Filme do Grupo Galpão escancara as angústias do teatro da pandemia
‘Éramos em Bando’, da trupe mineira, viaja do fracasso à reinvenção para cativar o espectador num longa grátis
STREAMING Éramos em Bando *****
Direção: Marcelo Castro, Pablo Lobato e Vinícius de Souza. Onde: exibição gratuita no YouTube pelo canal
Grupo Galpão de Teatro e no site da distribuidora Embaúba Filmes. 12 anos
“Éramos em Bando” é uma obra singular numa trajetória de quase quatro décadas. O filme contém exclusivamente imagens gravadas pelo computador, através do aplicativo Zoom.
Depois de meio ano de pandemia, a estética da tela quadriculada, em que cada pessoa aparece sempre só, não é novidade. Ainda assim, causa espanto a disponibilidade afetiva, lúdica e estética dos integrantes da trupe em embarcar num processo criativo por meio dessa tecnologia.
Quando os teatros foram fechados, em março, o Galpão preparava o espetáculo “Quer Ver Escuta”. O tom das primeiras reuniões é de perplexidade. Paulo André diz “isso aqui está patético, um encontro falido em sua essência”.
De fato, o fracasso estava embutido na tentativa de reinventar, cada um em seu quadrado, o fazer teatral coletivo .

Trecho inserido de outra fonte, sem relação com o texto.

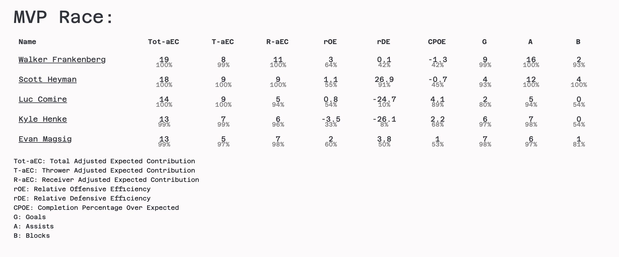 Shown Space is a new analytics website for ultimate frisbee, powered by UFA data and statistical modeling/machine learning (whichever sounds less daunting to you). We go beyond surface-level stats, breaking performance into four key areas—Defense, Throwing, Receiving, and Team Impact—with custom metrics that reveal deeper insights. Check out the website at shownspace.com.

Se o espectador se frustra porque o verdadeiro encontro nunca ocorre, ele também se emociona com pequenas subversões no protocolo das videochamadas. Como quando cada ator apaga as luzes para se deixar iluminar só pela tela do computador. A luz de um invade o espaço dos demais. Essa brecha na divisão tão estanque dos quadrados produz surpresa e poesia.
Mais tarde, a imagem sugere que cada computador se desloca ligeiramente, criando novos enquadramentos e revelando espaços íntimos até então escondidos, num lirismo estranho, contido.
Há, evidentemente, muita melancolia ao longo dos 54 minutos de filme. Ela já fazia parte da peça original, cuja estreia, prevista para abril, não ocorreu. Talvez nunca ocorra. A sinopse trazia um cenário pós-apocalíptico em que os humanos estão mortos, mas a poesia permanece viva.
A impossibilidade de estar fisicamente reunidos, alicerce do Galpão, equivale a um luto? De que serve a solidão dos planos americanos geometricamente dispostos? Como ensaiar depois de saber da morte de um amigo querido, o ator Flavio Migliaccio?
Veterana da companhia que tem na alegria e no desajuste seu registro de atuação predominante, Teuda Bara se entristece e se cala. Ao violão, Eduardo Moreira dedilha acordes capazes de mandar ir embora a saudade que mora em seu coração.
Teuda Bara é responsável por passagens hilárias. Não se acerta com a câmera, não consegue desligar, não vê quem está falando. Essas dificuldades ora irritam os colegas, ora provocam gargalhadas. “É como aprender a andardepernadepau”,resume a atriz, que na década de 1990 encenou “Romeu e Julieta” sobre hastes de madeira.
“Éramos em Bando” evoca “Moscou”, documentário de Eduardo Coutinho que acompanha a trupe se preparando para “Três Irmãs”, de Tchekhov. Novamente conversas espontâneas se mesclam a cenas escritas, dirigidas e ensaiadas, recriando a aliança entre ficção e realidade.
Como obliterar os demais corpos para que um ator se sobressaia em sua cena? Desponta por acaso uma alternativa simples aos quadradinhos pretos —alguém põe o dedo sobre a câmera, os outros imitam, e diferentes tons de vermelho-carne invadem a tela.
A precariedade das soluções artísticas para o sistema de videochamada revela o pano de fundo de precariedade que domina o teatro brasileiro atual.
Fica evidente que não se encontrou substituto para o presencial. A questão é “aprender a ficar submerso”, como escreve Alberto Pucheu. O Galpão, além de ter feito a lição, ensina uma gama de respiros para toda sorte de reunião online.